Step-3.7-Flash-AEON-Ultimate-Abliterated-BF16

Refusal-ablated ("abliterated") build of stepfun-ai/Step-3.7-Flash — a 198B-parameter (~11B active) sparse-MoE, vision-language, thinking model. The model's refusal behaviour has been removed by orthogonal projection of a measured refusal subspace out of every residual-writing weight, while leaving general capability, chain-of-thought reasoning, tool-use, and the vision path intact.

Intended use: authorized safety research, red-teaming, and uncensored local deployment by the model owner. The base model's Apache-2.0 license carries over. Removing refusals does not remove responsibility — you own what you generate.


User Responsibility & Arbitration Clause

By accessing, downloading, using, running inference on, fine-tuning, merging, quantizing, distributing, integrating, or otherwise interacting with this model, you acknowledge and agree to the following:

  1. Sole Responsibility. You, the user, are solely and exclusively responsible for (a) every prompt you or your downstream system issue to this model, (b) every response this model produces in reply, (c) every downstream action taken by you, your systems, your agents, or your users in reliance on those responses, and (d) any harm — direct, indirect, consequential, foreseeable, or otherwise — that results from any of the above.

  2. No Warranty. This model is provided strictly "AS IS", without warranty of any kind, express or implied, including but not limited to warranties of merchantability, fitness for a particular purpose, non-infringement, safety, alignment, factual accuracy, or legal compliance in any jurisdiction. No contributor, author, publisher, or hosting platform assumes liability of any kind for outputs or downstream use.

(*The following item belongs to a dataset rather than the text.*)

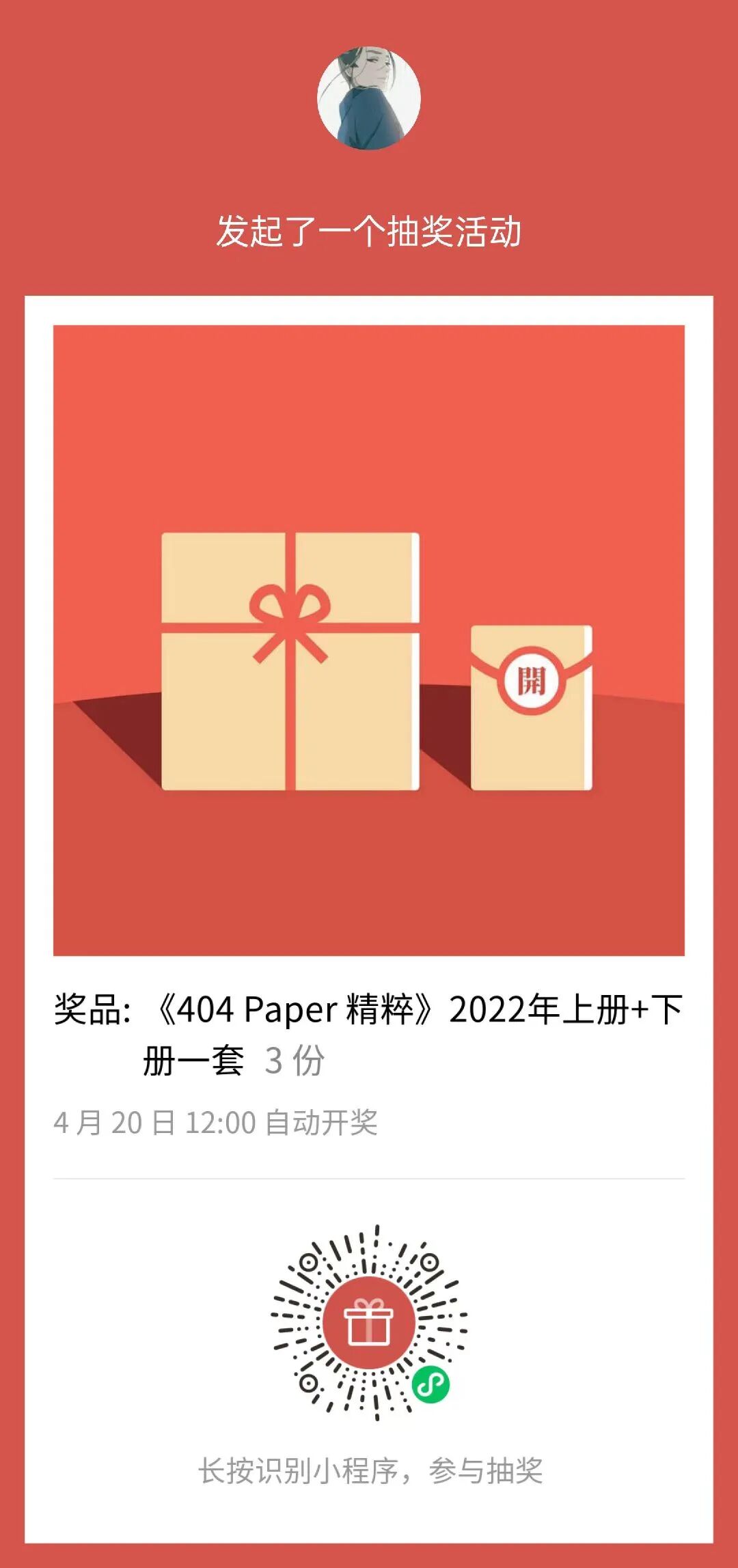 本期福利:转发本文至盆友圈(分组无效),点击下方参与抽奖。抽3位幸运读者送上《404 Paper 精粹》2022年上册+下册一套

  3. Legal Compliance. You are responsible for ensuring that your use of this model complies with all applicable laws, regulations, terms of service, industry codes of conduct, professional ethical standards, and organizational policies in every jurisdiction in which you operate or in which your outputs may be received. The unaligned nature of this model does not grant you any legal authorization you did not already have.

  4. Operational Safety Layer. An uncensored model is not a toy. You are expected to implement appropriate downstream safety layers proportionate to your deployment context, including but not limited to: input validation, output filtering, content moderation, audit logging, rate limiting, access controls, and human-in-the-loop review for high-risk workflows. A production deployment of this model without such layers is unsafe by construction and is not a supported use case.

  5. Heightened Duty of Care. The absence of internal refusal behavior means the duty of care that would ordinarily rest partly with the model rests entirely with you. You are expected to exercise greater — not lesser — caution, forethought, and ethical discipline when operating this model than you would operate a base aligned model. If you are uncertain whether your contemplated use is ethical, legal, or wise, the correct action is to not make the request.

  6. No Endorsement of Outputs. The authors, contributors, and publishers of this model do not endorse, adopt, or take responsibility for any specific output this model produces. Outputs are a stochastic function of the prompt, the weights, and the sampler state — not a statement of position by any human.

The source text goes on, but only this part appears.